Egberts E, Hackett P B, Traub P
Hoppe Seylers Z Physiol Chem. 1976 Dec;357(12):1179-92.
The effect of mengovirus infection on the protein synthetic capacity of Ehrlich ascites tumor cells cultured in vitro was studied in vivo and in vitro employing postnuclear supernatants prepared at various times post-infection in the absence and in the presence of 1% Triton X-100. The amino acid incorporating activities of extracts obtained in the presence of the detergent were reduced by about 30% compared with the capacities of the corresponding postnuclear supernatants prepared in the absence of Triton X-100; but the course of the activity vs. time curve was not influenced by the detergent. Under the conditions employed, the postnuclear supernatants were unable to reinitiate protein synthesis once elongation of nascent polypeptide chains concomitant with ribosome runoff was completed. After mengovirus infection, a gradual disappearance of polysomes from postnuclear supernatants and a simultaneous accumulation of monosomes was observed. The protein-synthesizing activities of normal and infected cells were inversely proportional to the monosome concentrations of their corresponding extracts. Qualitatively, protein synthesis in intact cells and in postnuclear supernatants responded similarly to mengovirus infection. In both cases an initial reduction of host-specific amino acid incorporation was followed by a burst of viral protein synthesis. However, the two activity vs. time curves showed the following significant differences: 1) The activities of extracts from control cells and from mengovirus-infected cells nearly in the infectious cycle were low compared with the activities observed in vivo. 2) In the middle of the infectious cycle, the peak of viral protein synthesis occurred later and the activity was higher in vitro. 3) Finally, in the late period of the infectious cycle the postnuclear supernatants had considerable protein synthesizing activity, at a time when protein synthesis in vivo was nil.

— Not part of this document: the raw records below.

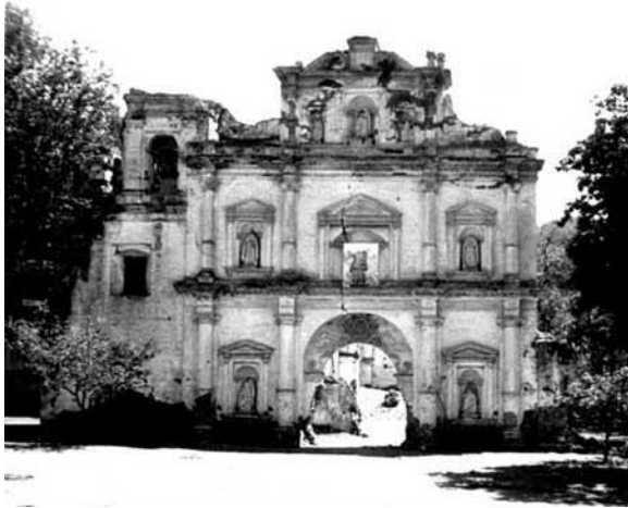
Ilustración 9: Fachada de Iglesia de Nuestra Señora de los Remedios (Antigua Guatemala, Sacatepéquez).

habitaciones, en la Calle de los Pasos, entre la Escuela de Cristo y el Templo de El Calvario. Por lo que queda de dicho templo, destruido por el Terremoto de Santa Marta, la fachada e interior del mismo ha de haber sido un variado conjunto plástico, en el que los paseantes de la Alameda de El Calvario podían recrearse y rememorar la vida de algunos santos. Muchos años después, entre 1679 y 1680, cuando el comercio del añil estaba en su cenit, el Capitán José Aguilar y Rebolledo mandó construir una Fuente en dicha Alameda.
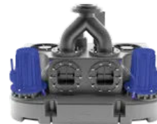
Sanicubic 2 FRK
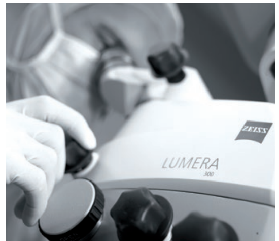
Erleben Sie Qualität der Extraklasse

Zudem sorgen die OPTIME Servicepakete von ZEISS mit Leistungen von der vorbeugenden Wartung bis zur Instandsetzung, inklusive Ersatzteilen, für ein Maximum an Systemverfügbarkeit und Komfort.
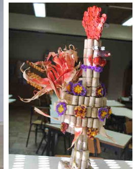
E.B. 2/3 Abel Varzim
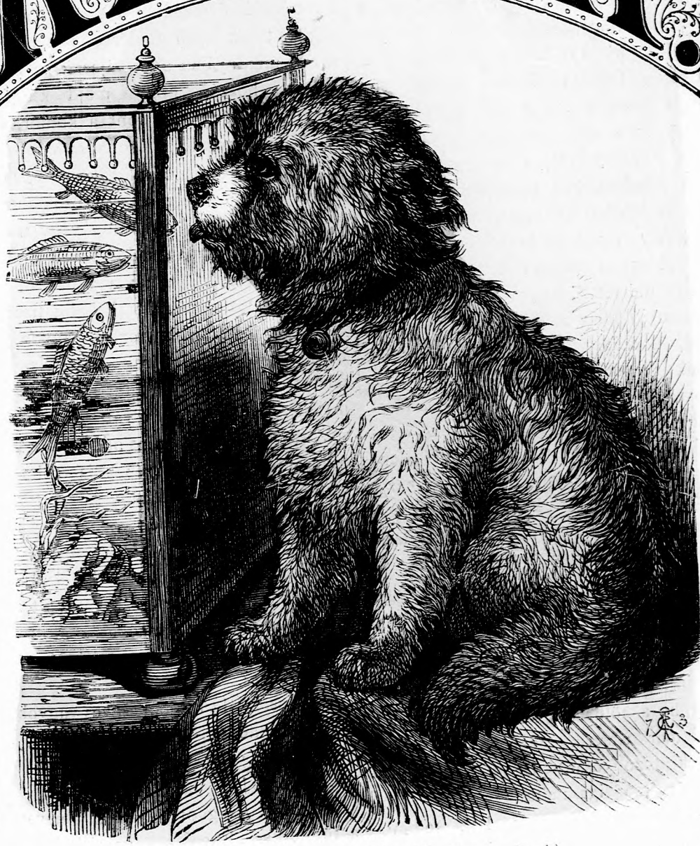
KÁRO ÉS AZ ARANY HALAK (Lásd a 39. l.)
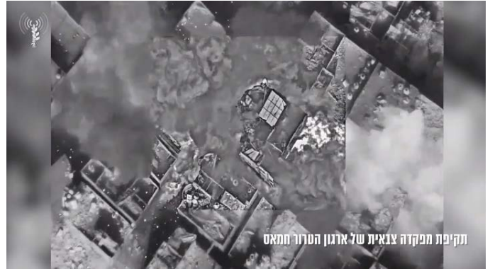
תקיפת מפקדה צבאית של ארגון הטרור חמאס
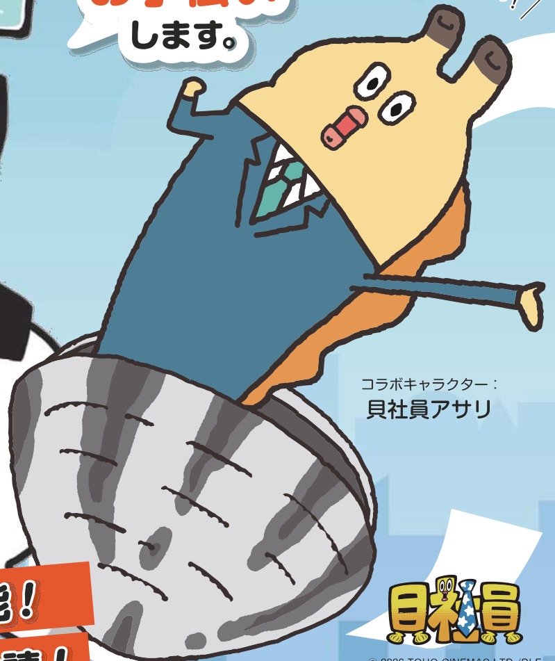
コラボキャラクター： 貝社員アッサリ
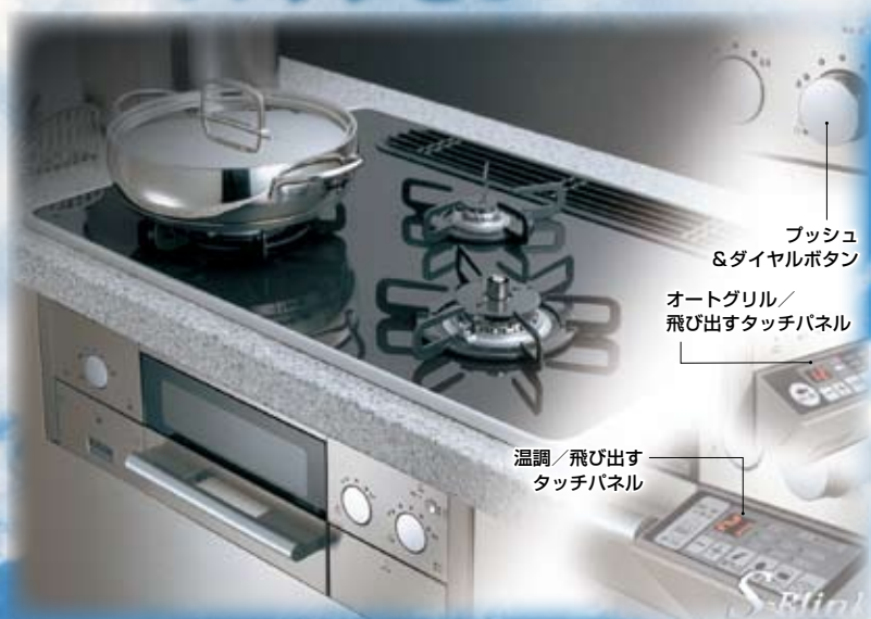
プッシュ &ダイヤルボタン オートグリル/ 飛び出すタッチパネル 温調/飛び出す タッチパネル

感性を刺激する ニュー・スタイル。 洗練された操作性と 先進の機能、 次世代型 ビルトインコンロ。
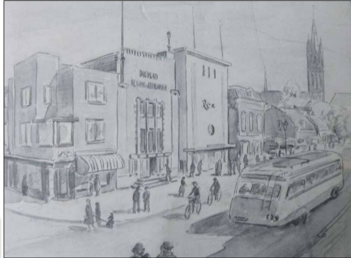
Het Hoofdkantoor aan de Groest (aquarel van J. Sluijters jr.)

1946. Enkele medewerkers kregen voor enige maanden tot 2 jaar een beroepsverbod opgelegd. De directeur mocht 5 jaar zijn taken niet uitoefenen. De man die De Vrije Gooi- en Eemlander zou gaan runnen werd nu de nieuwe directeur van de G&E. De herverschijning liep echter nog enige maanden vertraging op. Gooische Klanken was de concurrent en ze moesten beide van dezelfde gebouwen, materialen en mensen gebruik maken. De G&E was na herverschijning succesvol gelet op het aantal abonnees en de advertentie-inkomsten. De zetterij en drukkerij werkte Gooische Klanken tegen waar het kon. Gooische Klanken ging (niet alleen daardoor) failliet.
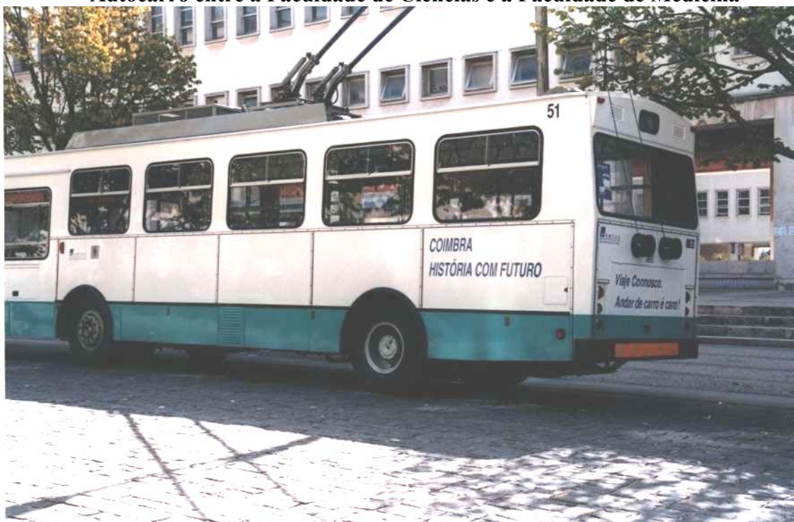
Imagem 3 Autocarro entre a Faculdade de Ciências e a Faculdade de Medicina

retórica urbana. Esta amálgama de espaços e de tempos faz do passado consagrado e estetizado um instrumento de inovação e de modernização, ao mesmo tempo que, através do recurso a uma cosmética de imagens, converte o presente em passado distante e o futuro anunciado num presente que está por chegar.
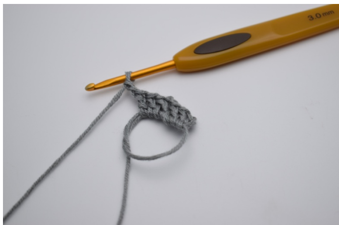
Hekle 3 stv ned i sirkelen og lag 2 lm.
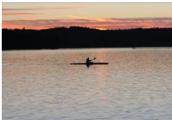
Kajak roer nyder afstemning på Bagsværd Sø

"Naturskøn, fredelig sejlads på søerne lige nord for København - ad Fæstningskanalen over Lyngby Sø til Nybro Kro og videre ud på Bagsværd Sø, hvor der lægges til ved Sophienholm, Bagsværdvej, Aldershvile og Regatta Pavillonen. Herfra returneres til Sophienholm, Nybro Kro og Lyngby." Således er der at læse i en nutidig reklame for Bådfarten. Da bådfarten i 1976 blev overtaget af kommunerne omkring Furesøen, Lyngby Sø og Bagsværd Sø, havde den allerede sejlet på søerne i over 80 år og var blevet en institution, som ingen ville undvære. Bådfartens popularitet hos Storkøbenhavns befolkning og hos hovedstadens turister fremgår af, at den - bortset fra Københavns Havnerundfart og selskabet "Hjejlen" på Silkeborg-søerne - er den største af sin slags i Danmark. Bådfarten har i dag seks motorbåde, hvoraf de fire besejler Lyngby Sø, Bagsværd Sø og Mølleåen, og de resterende to både besejler Furesøen og Vejlesø. Der sejles i sæsonen fra maj til september i fast rutefart på de fire ruter. De to ældste af bådene "Prinsesse Alexandrine" og "Prins Christian" er bygget i henholdsvis 1895 og 1896 og har således været med fra starten. De har sejlet med damp, benzin, gasgenerator og nu med diesel.
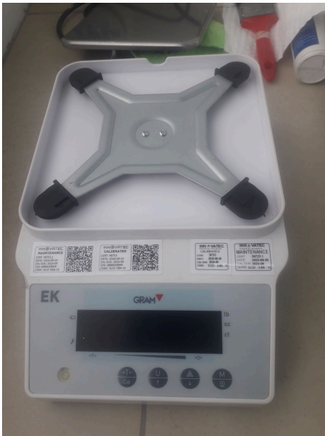
Vista general del equipo
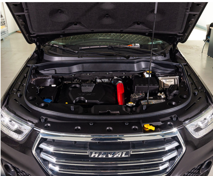
Motor: Realizar mantenimiento preventivo segun esquema indicado por el fabricante
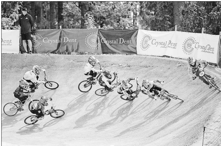
"Smeceres silā" BMX trase ir vienīgā, kas izveidota iepakā. Publicitātes foto

— Madonas posms notika paralēli Eiropas kausa sacensībām, tādējādi iztiekot bez vadošajiem elites, U23 un junioru sportistiem. Sacensības norisinājās Madonas pilsētas svētku atskaņās. BMX kluba "Madona" pārstāvji, sportisti un vecāki ieguldīja nozīmīgu darbu, lai BMX trasē "Smeceres silā" tiktu
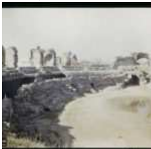
[Nice?], Alpes-Maritimes, France (?), Sans date, (Autochrome, 9 x 12 cm), opérateur non mentionné, Département des Hauts-de-Seine, musée Albert-Kahn, Archives de la Planète, A 72 165
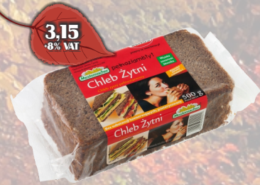
CHLEB ŻYJNI 500G
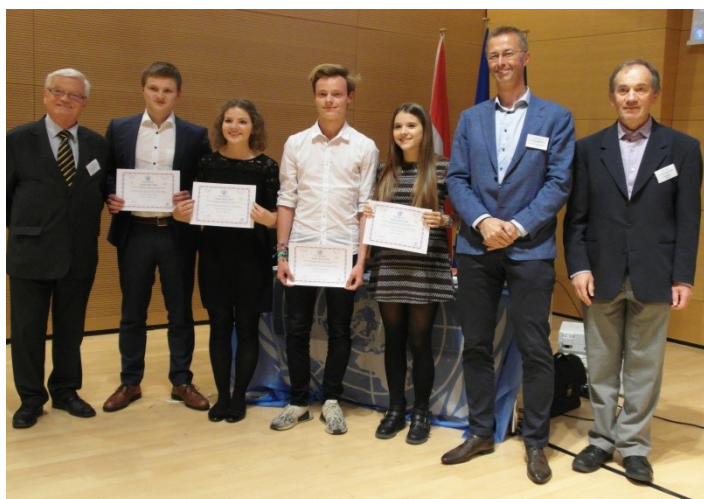
Athénée de Luxembourg – Groupe 2 : Premier prix du concours
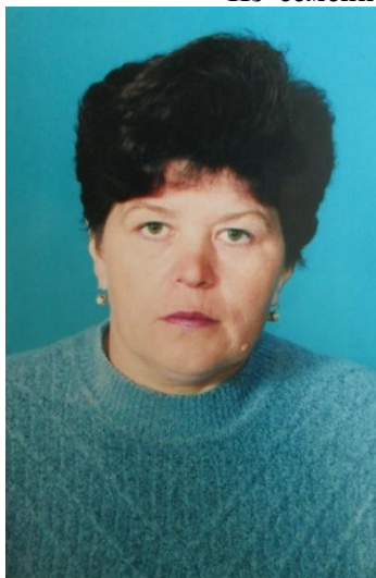
Из семейного архива Мурнаевой Н.Н.
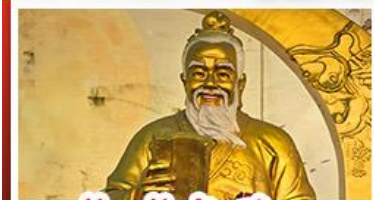
วัดเซว้งต้าเซียน

วัดเจ้าแม่กวนอิมฮ่องกง - กระเช้านองปิง พระใหญ่โป้วหลิน - เจ้าแม่กวนอิมรัฟลัสเบย์ วัดแชกงหมิว - วัดหวังต้าเซียน - วัดเจ้าแม่ทับทิม
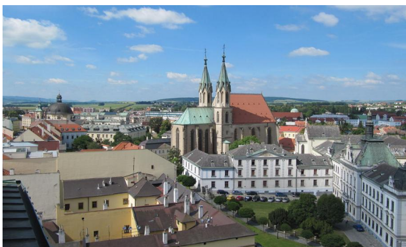
Мал.2.2 м. Кромержиж
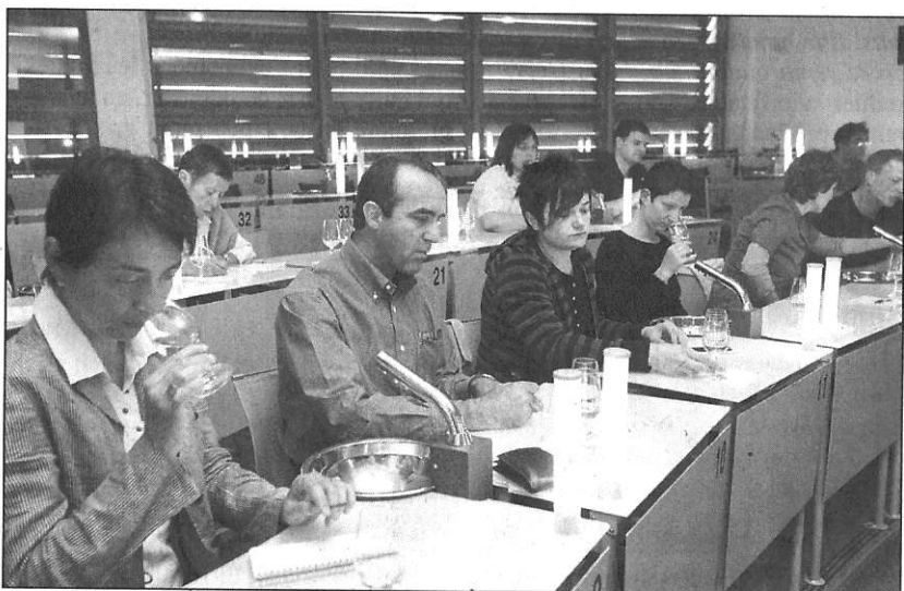
Pour la dernière dégustation avant l'été, les œnophiles ont découvert la grandeur des 2006.

Téléphone : 06 99 58 78 36 ; e-mail : thierrymeyer@oenoalsace.com.
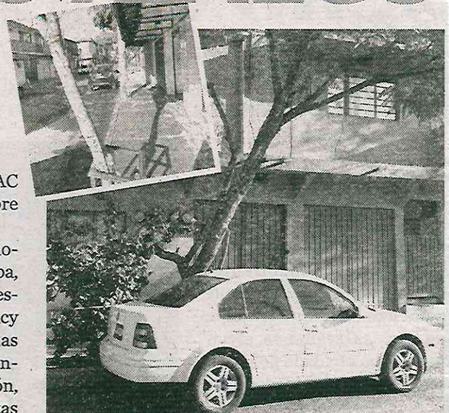
· Suman mil 337 denuncias desde octubre pasado

Algunos vecinos o trabajadores de negocios en la zona, sostienen los pesados árboles con cuerdas amarradas a partes de sus inmuebles, para así evitar accidentes. Durante el pasado mes de diciembre, trascendieron cinco incidentes en los que se vieron involucrados estos árboles en la alcaldía Azcapotzalco, y en tres de ellos se vieron afectados vehículos que transitaban por el lugar.
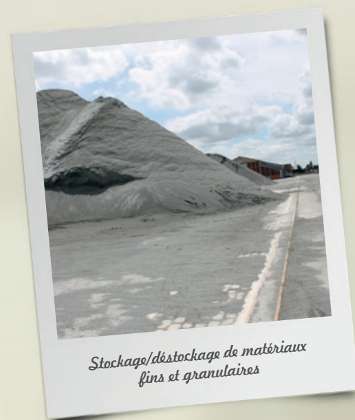
Stockage/déstockage de matériaux fins et granulaires
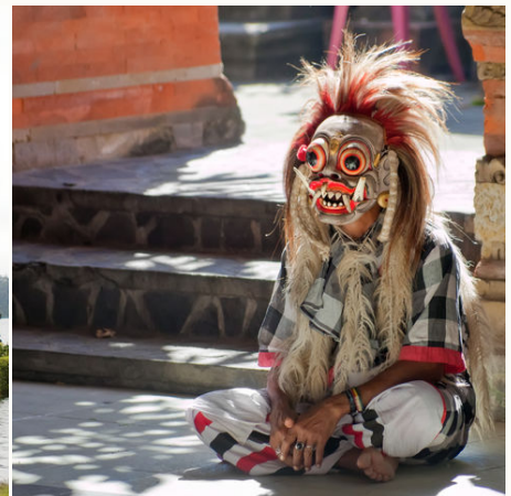
Traditionelle Rangda Maske, Indonesien
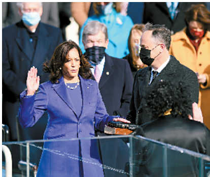
■哈里斯宣誓就任美国副总统。

针对美国不断恶化的新冠疫情,拜登下令在联邦建筑内戴口罩和保持社交距离,敦促州政府和地方政府采取同样措施,呼吁美国民众在100天内坚持戴口罩。拜登戴着口罩签署行政命令,与特朗
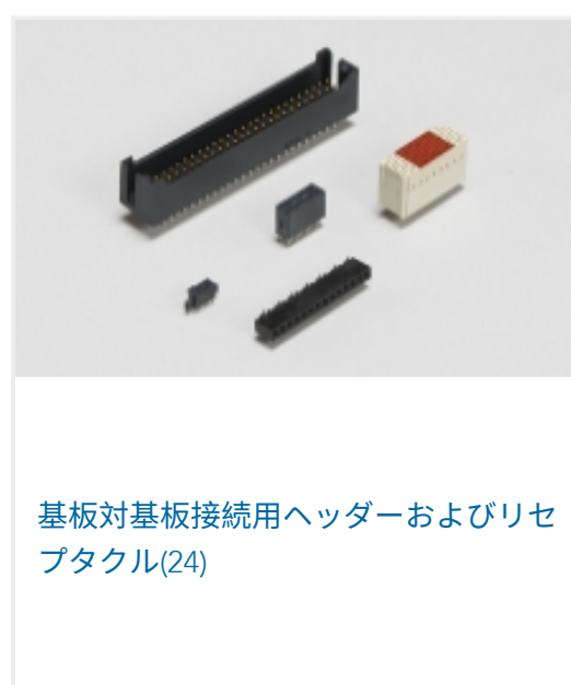
基板対基板接続用ヘッダーおよびリセブタクル(24)
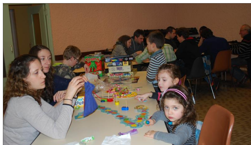
■ Parents et enfants se sont pris au jeu.

chain. Pour s'inscrire, contacter Claudine Meilender, avant le 28 février (Tél : 03.83.71.71.51).
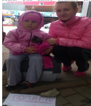
Mașa cu mama în așteptarea unui nou stăpîn pentru pisoi

La picioarele copilei, este fixată în patru pietre, o foaie pe care este scris cu litere de culoare roșie, un mesaj în limba rusă, care sună astfel "подарю" - dăruiesc. Curiozitatea și mirarea mă obligă să mă apropie pentru a afla mai multe detalii. Îndată ce-mi îndrept privirea și fac câțiva pași spre ea, două doamne, îmi zic într-un singur glas, "luați-l vă rog, uitați-vă cât e de drăgălaș!" îndemnându-mă să iau pisoișul acasă. Una dintre doamne este
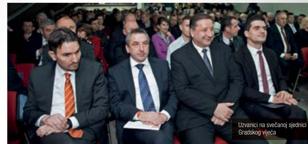
Uzvanici na svečanoj sjednici Gradskog vijeća

Radili smo na tekućem održavanju komunalne infrastrukture, brinuli smo o gospodarstvu, a prije svega vodili smo brigu – o našim građanima.
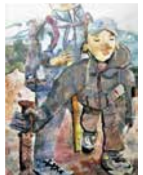
作品名 「がんばったよ。富士登山」

平成29年度土砂災害防止に関する 作品コンクール 小学生・絵画の部 優秀賞「国土交通事務次官賞」

利用在感染后不同时间制备的核后上清液,在有无1% Triton X - 100存在的情况下,在体内和体外研究了脑心肌炎病毒感染对体外培养的艾氏腹水瘤细胞蛋白质合成能力的影响。与在无Triton X - 100情况下制备的相应核后上清液的能力相比,在去污剂存在下获得的提取物的氨基酸掺入活性降低了约30%;但活性与时间曲线的进程不受去污剂影响。在所采用的条件下,一旦与核糖体流失相伴的新生多肽链延长完成,核后上清液就无法重新启动蛋白质合成。脑心肌炎病毒感染后,观察到核后上清液中多核糖体逐渐消失,同时单核糖体积累。正常细胞和感染细胞的蛋白质合成活性与其相应提取物的单核糖体浓度成反比。定性地说,完整细胞和核后上清液中的蛋白质合成对脑心肌炎病毒感染的反应相似。在这两种情况下,宿主特异性氨基酸掺入首先降低,随后是病毒蛋白质合成的爆发。然而,两条活性与时间曲线显示出以下显著差异:1)与体内观察到的活性相比,对照细胞和处于感染周期近感染期的脑心肌炎病毒感染细胞提取物的活性较低。2)在感染周期中期,病毒蛋白质合成的峰值出现较晚,且体外活性较高。3)最后,在感染周期后期,核后上清液具有相当大的蛋白质合成活性,而此时体内蛋白质合成已不存在。